View in context: https://bugs.webkit.org/attachment.cgi?id=183081&action=review

Seems OK, although I have a few substantive thoughts below.

Somewhere there should be a comment about how we decided to delete these when no longer needed rather than keeping them around to optimize re-using them later. It’s the performance test, but something in the code should talk about how we made the tradeoff, if possible.

> Source/WebCore/ChangeLog:10
> +        If we detect that we have only one node lists left in the data structure,

Should be “node list” instead of “node lists”.

> Source/WebCore/ChangeLog:20
> +        (Node):

Bogus line should be removed. Or fix the script so it doesn’t add these.

> Source/WebCore/ChangeLog:26
> +        (NodeListsNodeData):

Bogus line should be removed. Or fix the script so it doesn’t add these.

> Source/WebCore/dom/NodeRareData.h:74
> +        if (!removeThisIfOnlyOneListIsLeft(list->ownerNode()))
> +            m_childNodeList = 0;

I think I’d like these better if they used an early return statement instead of nesting the remaining code. The logic is “if I can do this just by self destructing, then do that and return, otherwise do it the normal way”.

> Source/WebCore/dom/NodeRareData.h:225
> +    bool removeThisIfOnlyOneListIsLeft(Node*);

This function is confusing for a few reasons. The idea of this function is that we call it just before removing a list, which is why it checks for one remaining list rather than zero. That was completely non-obvious to me and I had to read the patch over and over again to figure that out. So I think that either the function name or a comment needs to explain that.

The trickiness and danger of using this function without looking at the boolean result would be clearer if it used the word “delete” instead of “remove”. On the other hand, “delete” does make it sound like this just deletes the object rather than cleanly removing it from the node.

Maybe a better name is deleteThisIfAboutToRemoveLastList? Or maybe selfDestructIfAboutToRemoveLastList? Maybe you can come up with an even better name.

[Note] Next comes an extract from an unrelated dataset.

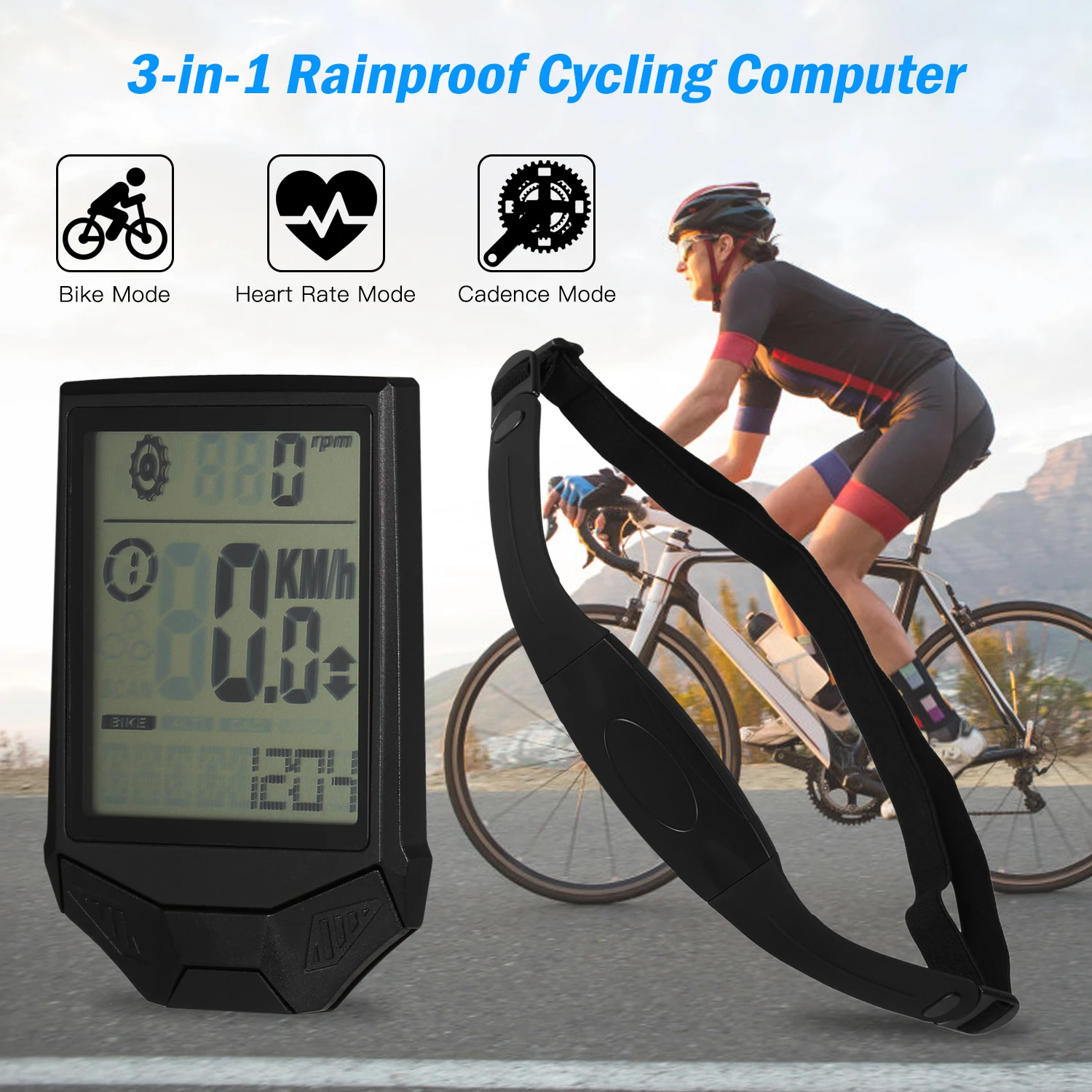 Lixada беспроводной Велосипедный компьютер велосипедный одометр спидометр ЖК-дисплей 3 в 1 велосипедный компьютер с монитором сердечного ритма

I’m also not sure the factoring is quite right. It seems awkward to call this class to remove a list, then have this class recover the node pointer so it can do work on the node’s rare data. It’s kind of a messy relationship between the node, rare data, and lists classes. I understand that this is an easy place to correctly make the change, so I see the attraction of doing it this way, but the need to recover the owner node pointer is a factoring danger sign.

> Tools/Scripts/webkitpy/performance_tests/perftest.py:209
>          # Following is for Parser/html-parser.html
> -        re.compile(re.escape("""CONSOLE MESSAGE: Blocked script execution in 'html-parser.html' because the document's frame is sandboxed and the 'allow-scripts' permission is not set.""")),
> +        re.compile(r"CONSOLE MESSAGE: Blocked script execution in '[A-Za-z0-9\-\.]+' because the document's frame is sandboxed and the 'allow-scripts' permission is not set."),

Comment now seems wrong.
Comment 5 Ryosuke Niwa 2013-01-17 12:28:19 PST
(In reply to comment #4)
> (From update of attachment 183081 [details])
> View in context: https://bugs.webkit.org/attachment.cgi?id=183081&action=review
> 
> Seems OK, although I have a few substantive thoughts below.
> 
> Somewhere there should be a comment about how we decided to delete these when no longer needed rather than keeping them around to optimize re-using them later. It’s the performance test, but something in the code should talk about how we made the tradeoff, if possible.

I forgot to mention this but this was the intended design back in the days although it never worked. I removed the code in http://trac.webkit.org/changeset/120367/trunk/Source/WebCore/dom/Node.cpp but the intent had always been to remove this data structure when we no longer need them. I'll clarify it in the change log.

> > Source/WebCore/ChangeLog:10
> > +        If we detect that we have only one node lists left in the data structure,
> 
> Should be “node list” instead of “node lists”.
> 
> > Source/WebCore/ChangeLog:20
> > +        (Node):
> 
> Bogus line should be removed. Or fix the script so it doesn’t add these.
> 
> > Source/WebCore/ChangeLog:26
> > +        (NodeListsNodeData):
> 
> Bogus line should be removed. Or fix the script so it doesn’t add these.

Fixed.

> > Source/WebCore/dom/NodeRareData.h:74
> > +        if (!removeThisIfOnlyOneListIsLeft(list->ownerNode()))
> > +            m_childNodeList = 0;
> 
> I think I’d like these better if they used an early return statement instead of nesting the remaining code. The logic is “if I can do this just by self destructing, then do that and return, otherwise do it the normal way”.
> 
> > Source/WebCore/dom/NodeRareData.h:225
> > +    bool removeThisIfOnlyOneListIsLeft(Node*);
> 
> This function is confusing for a few reasons. The idea of this function is that we call it just before removing a list, which is why it checks for one remaining list rather than zero. That was completely non-obvious to me and I had to read the patch over and over again to figure that out. So I think that either the function name or a comment needs to explain that.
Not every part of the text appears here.